By Minh Tam and Thanh Thuong - The Saigon Times Daily
HCMC – Worries over inflation have almost been wiped off given the negative consumer price index (CPI) for June, which for the first time in the past three years dropped 0.26% month-on-month. Experts quickly attributed the CPI fall to the weak purchasing power, which is menacing local production and may prompt stagnation.
It is believed that the supply-demand balance is getting worse, and the only way to help enterprises is to stimulate consumption alongside making access to soft loans easier for them, otherwise the economy can hardly develop.
Speaking with the Daily, economist Vu Dinh Anh said the slowing index this month indicates the widening gap between rising supplies and decreasing demands at home. Consumers are tightening their purse strings, leading to an upsurge in inventories at local producers.
This imbalance will result in low inflation or even deflation, Anh noted, adding the Government’s target to pull down the inflation rate to one-digit territory will be within the reach. However, if remedial measures are not properly prescribed, the country may be at risk of suffering high inflation again in the near future, he said.
“The previous occurrences of high inflation in 2010 and 2011 were the evidence for such a situation,” Anh remarked.
Anh recalled inflation dipped to one-digit level in 2009 but it then shot higher given the Government’s policies to loosen public investment in 2010 and 2011.
Meanwhile, Vu Thanh Tu Anh, research director of the Fulbright Economics Teaching Program, said it was still too soon to conclude whether deflation would happen or not. “Only when the CPI slips to under 0% for two consecutive quarters could we know the answer,” Anh said.
According to Anh, the scale of the economy has narrowed down considerably, with the number of companies going bust or dissolving going up over the months. In fact, troubled enterprises are still unable to benefit from preferential lending programs launched by the Government and lowered lending rates set by the central bank.
Consumption stimulus needed
According to local companies, the falling CPI in June means lower costs of a number of input materials have partly helped cut the production cost. But ongoing stagnant business performance at manufacturers has forced them to launch many promotions to stimulate poor purchasing power from consumers.

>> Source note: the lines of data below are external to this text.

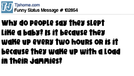 X Why do people say they slept like a baby? Is it because they wake up every two hours or is it because they wake up with a load in their jammies?
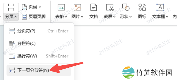 2、点击菜单栏“布局”>“分隔符”,选择“下一页”分节符。
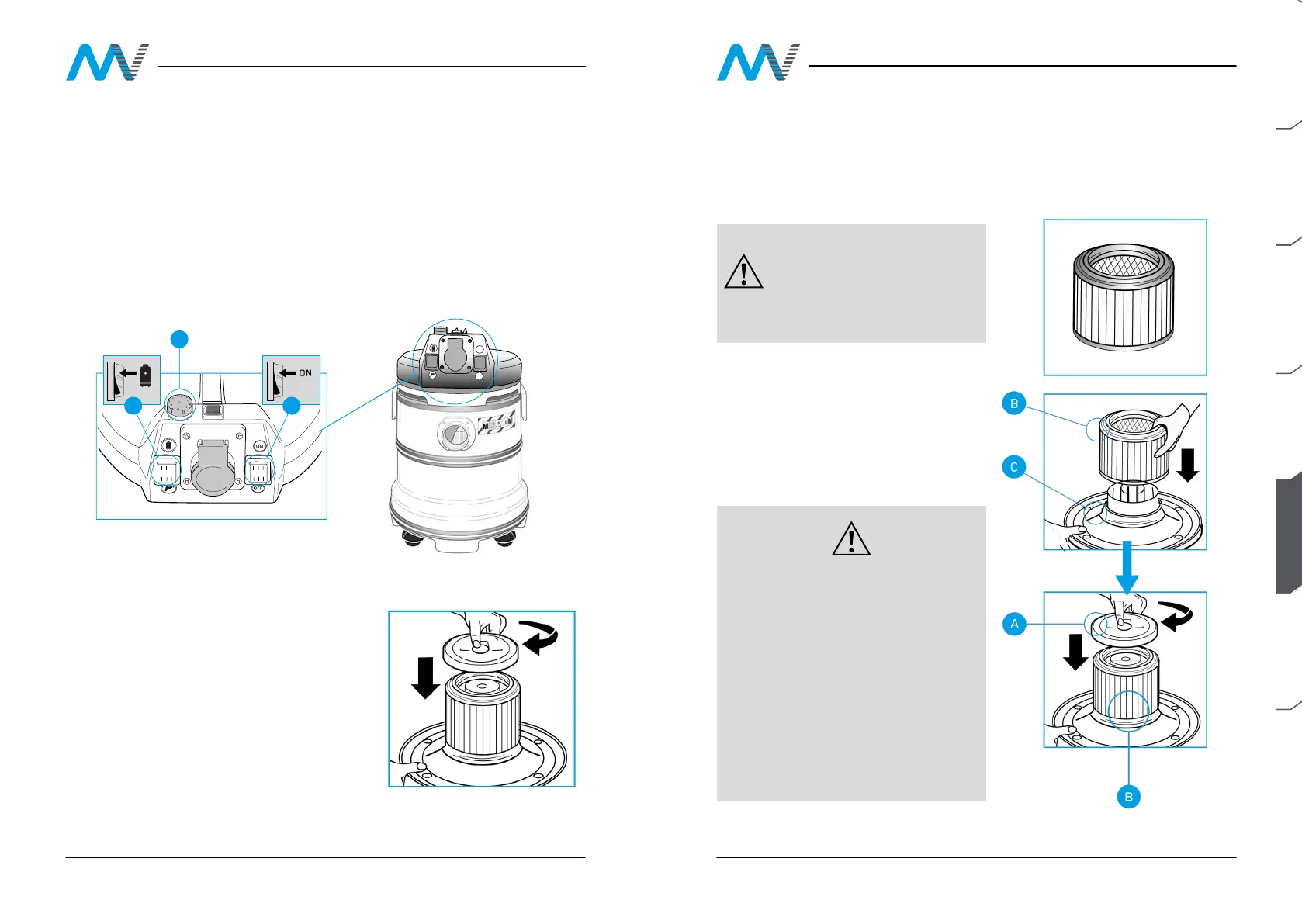 Spia luminosa (C): se il sistema di ltraggio o il tubo essibile è intasato, la spia
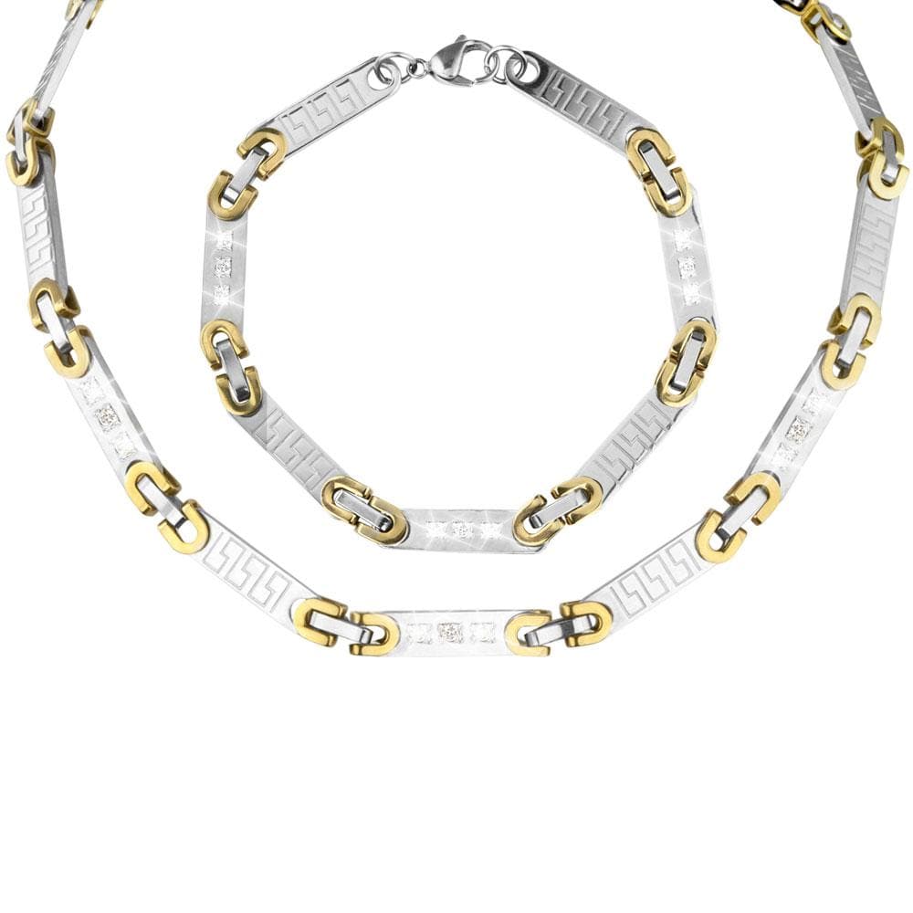 Links of premium grade 316L solid stainless steel are etched with a classical and ancient meander pattern that are held in place by curved links plated in 18k yellow gold. 3 of the links have been expertly set with panels of our flawless lab Diamondeau® - flawless simulated diamond. This modern and sporty collection is the perfect gift for any design conscious man that appreciates luxury.

Le Thi Thanh Lam, deputy general director of Saigon Food, told the Daily that the sales of her company in May inched up year-on-year but the consumed volume shrank. She explained that sales were higher due to price increases in 2011. The number of consumed products at every store plummeted by 15-20%, Lam clarified.
To woo customers, Lam’s business has had to invest heavily in promotions and research activities for new products and packages or outlets.
Meanwhile, deputy general director Phan Van Thien of Bibica JSC pointed out the biggest problem of his enterprise was to deal with inventories. Bibica has spent 20% more on sales programs but the results remained low, Thien stressed.